▶ _Required work_: Transcribe exactly, and only, the lines from the one with "3、4年生は、音楽でソプラノ" through the end of the records below, including both of those lines. Skip all pictures.

▶ _Data provided_:
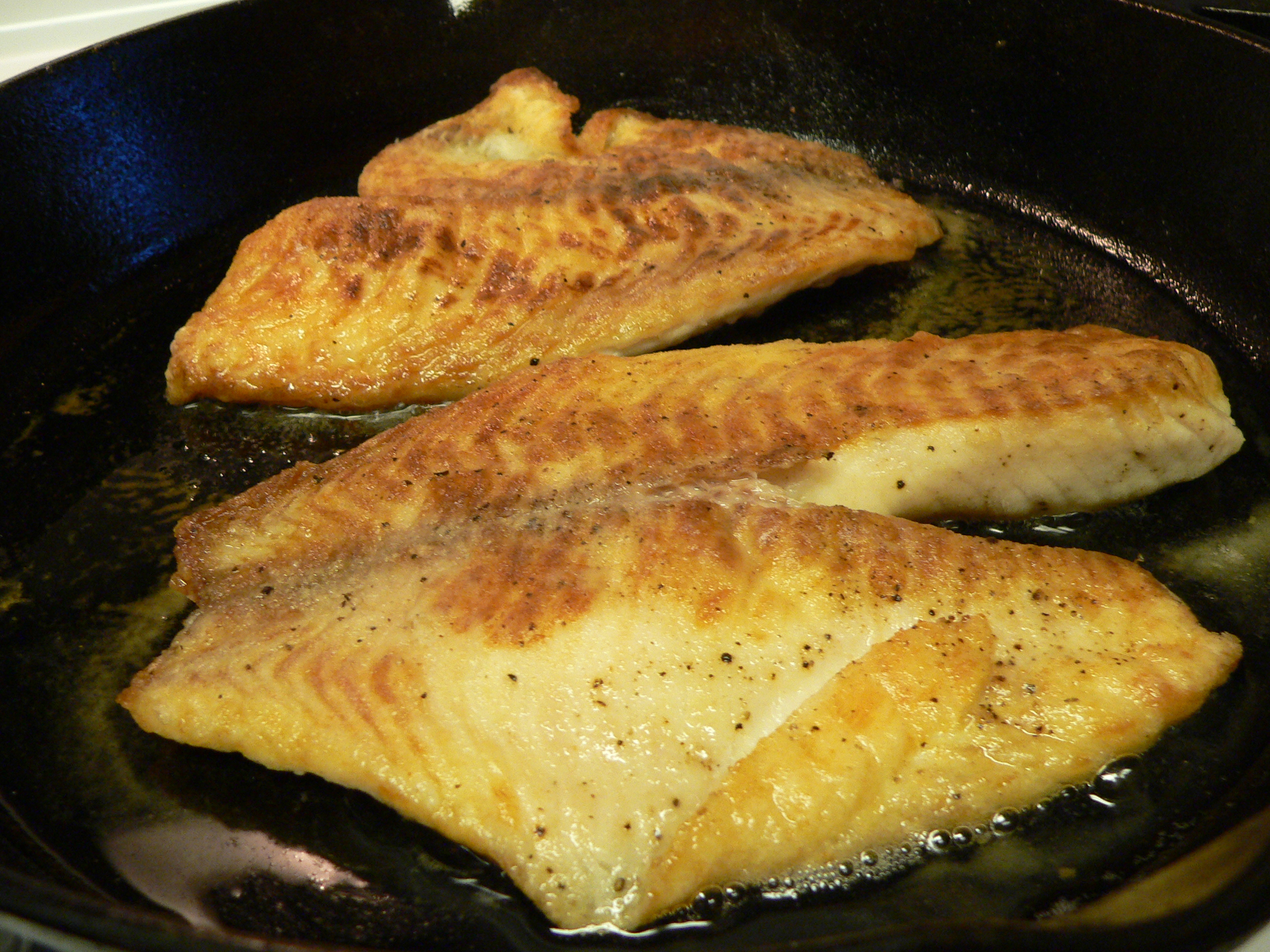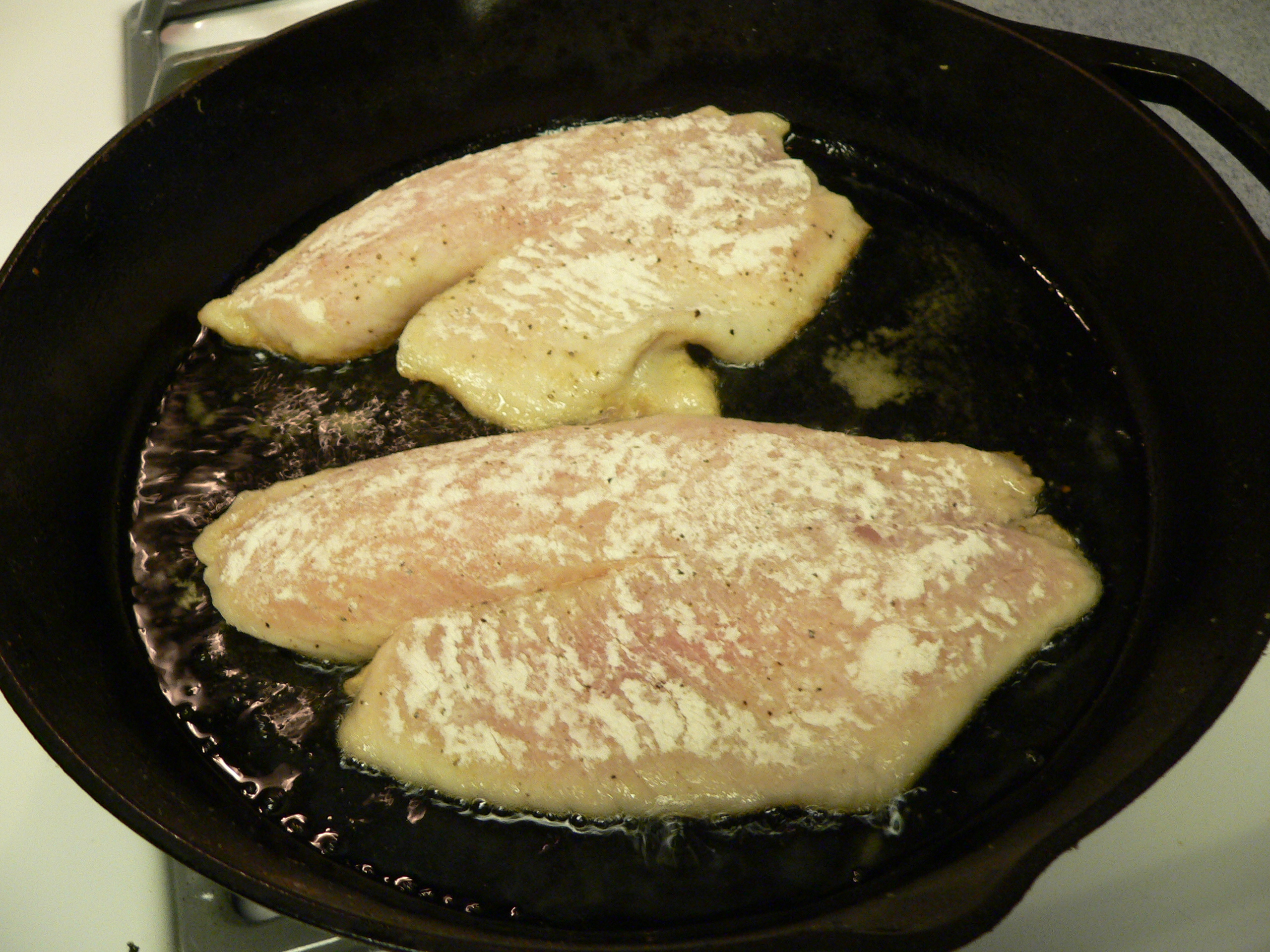 Wash fish, pat dry. Sprinkle and press in salt and pepper. Toss in flour. Pan fry in a thin layer of Canola oil.
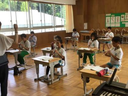 3、4年生は、音楽でソプラノリコーダーの勉強です。高いレの音をマスターするために、「かっこう」の曲で練習していました。
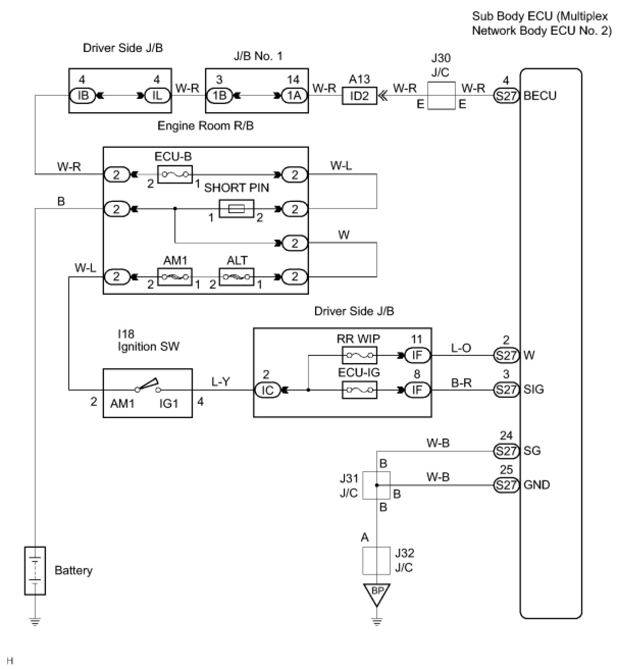 Main Body ECU Power Source Circuit
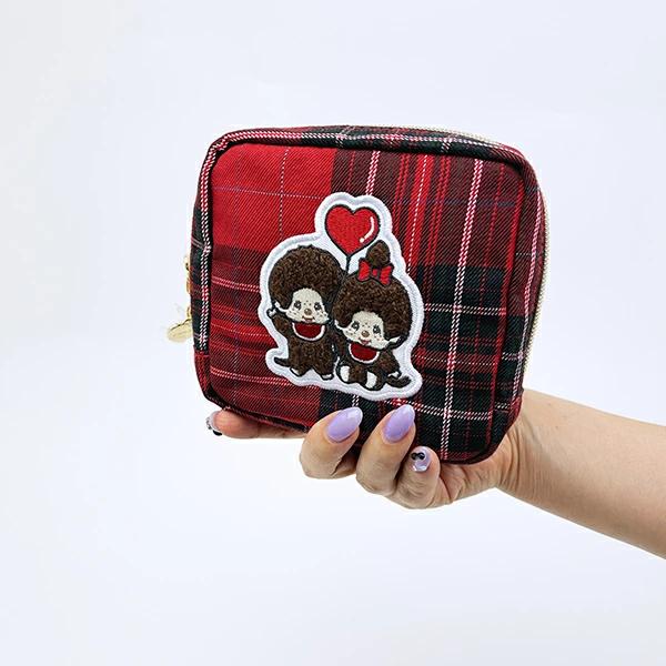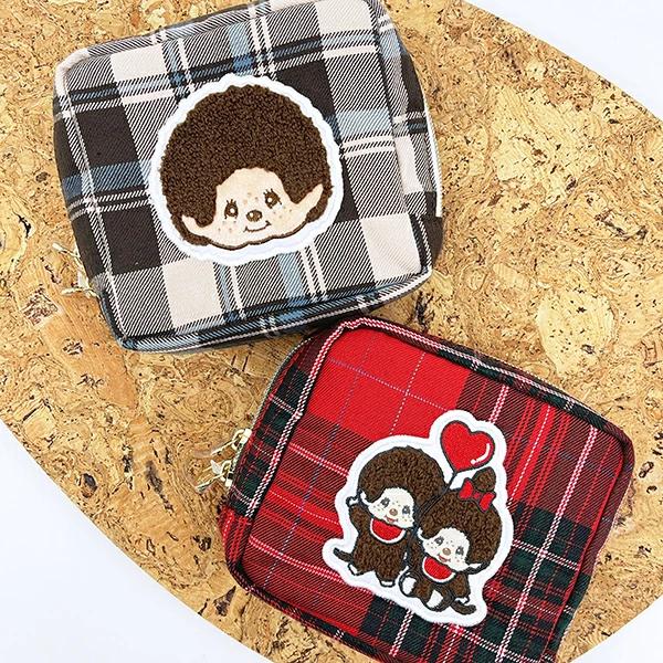 モンチッチのスクエアサガラ刺繍ポーチです。タータンチェック柄の生地がレトロ可愛い~♪コスメ用品や小物を入れるのに◎小さめのコンパクトサイズなので持ち運びにも便利☆可愛いモンチッチの刺繍ワッペンにほっこり癒されます♪
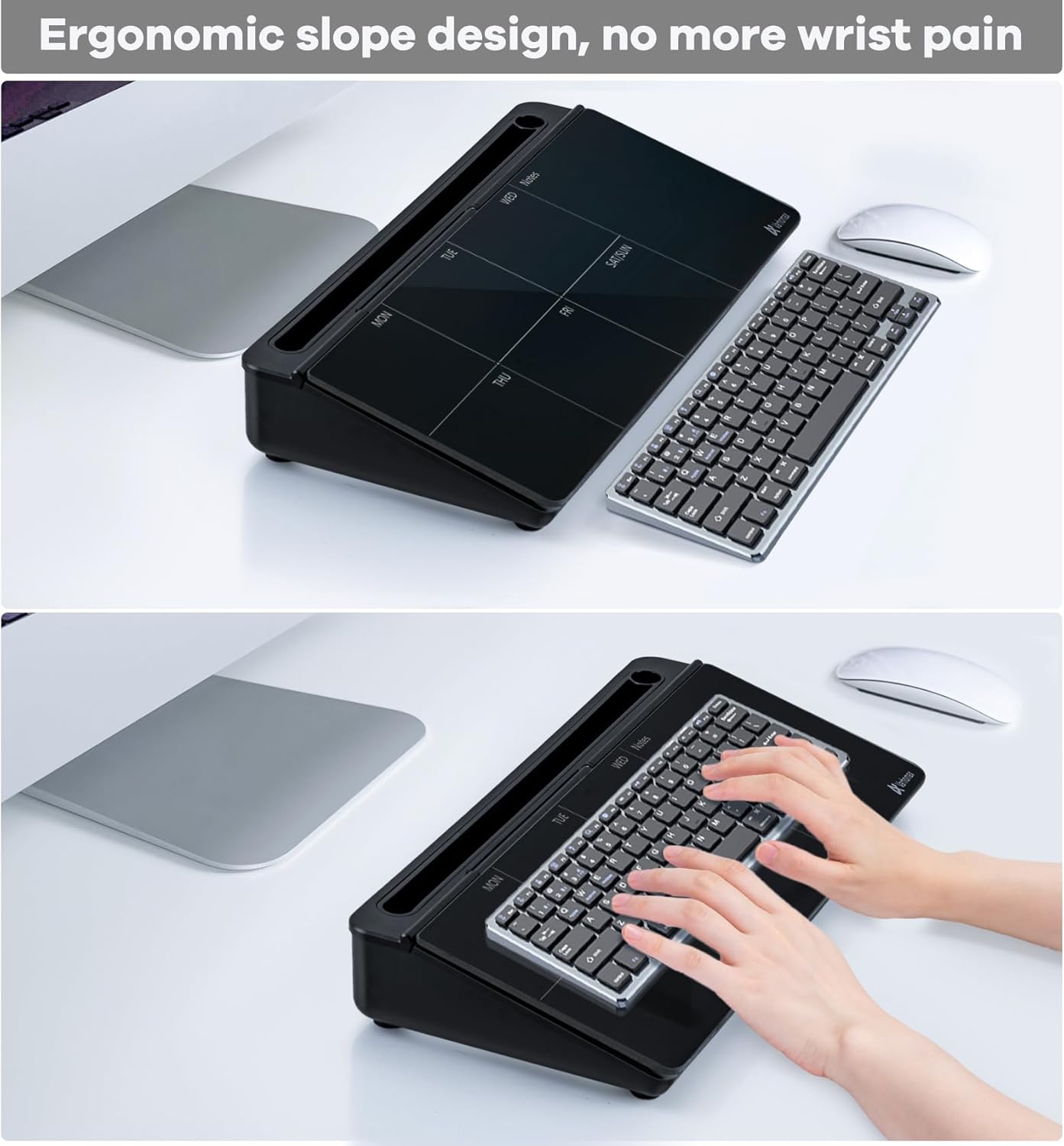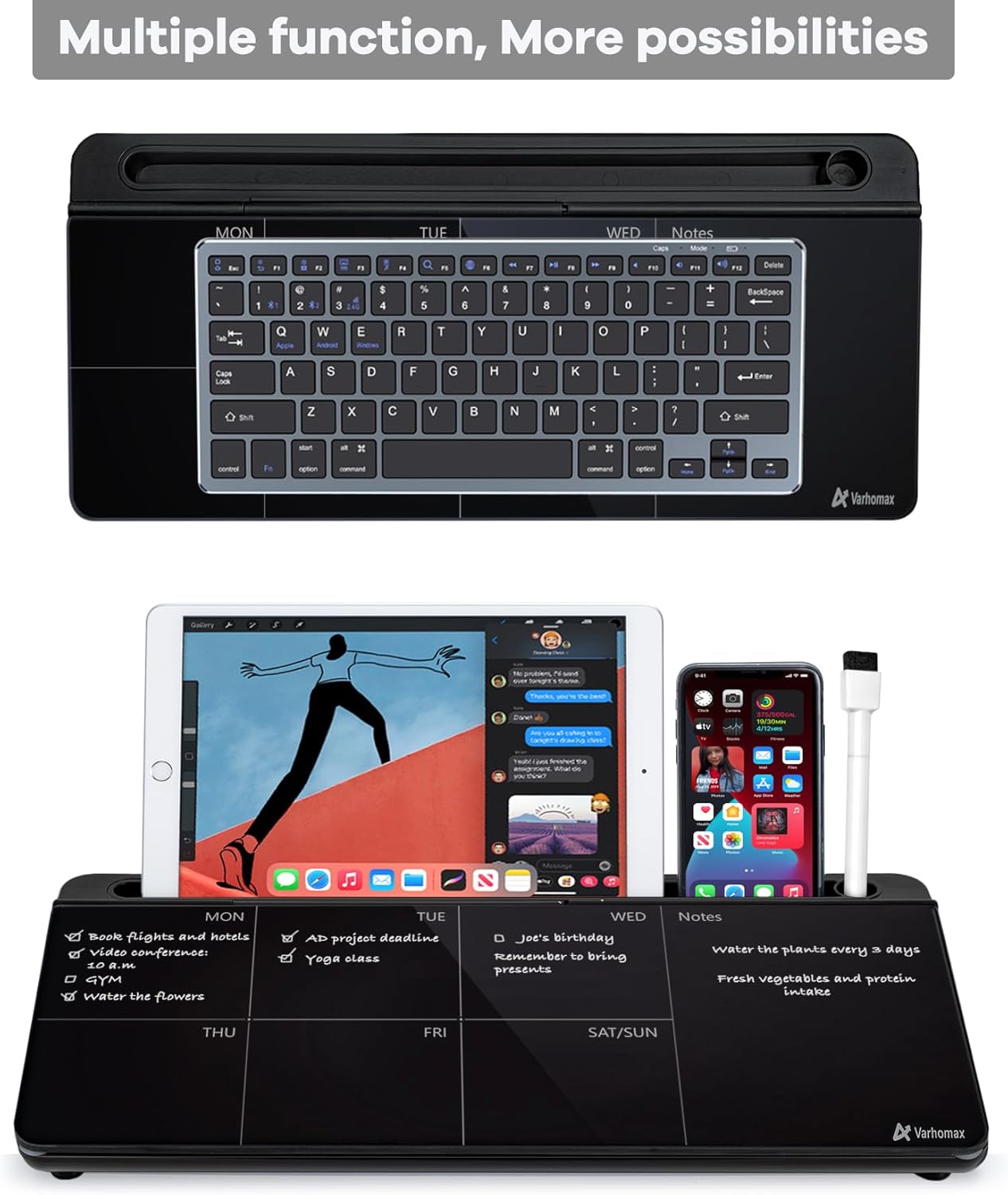 - Multi-functional Design: Sitting compactly between your monitor and keyboard, you can use it as a desk whiteboard, or phone/tablet holder, or keyboard stand. It can used for your office task organization, family schedule and workout plan

▶ _Expected output_:
 3、4年生は、音楽でソプラノリコーダーの勉強です。高いレの音をマスターするために、「かっこう」の曲で練習していました。
 Main Body ECU Power Source Circuit
 モンチッチのスクエアサガラ刺繍ポーチです。タータンチェック柄の生地がレトロ可愛い~♪コスメ用品や小物を入れるのに◎小さめのコンパクトサイズなので持ち運びにも便利☆可愛いモンチッチの刺繍ワッペンにほっこり癒されます♪
 - Multi-functional Design: Sitting compactly between your monitor and keyboard, you can use it as a desk whiteboard, or phone/tablet holder, or keyboard stand. It can used for your office task organization, family schedule and workout plan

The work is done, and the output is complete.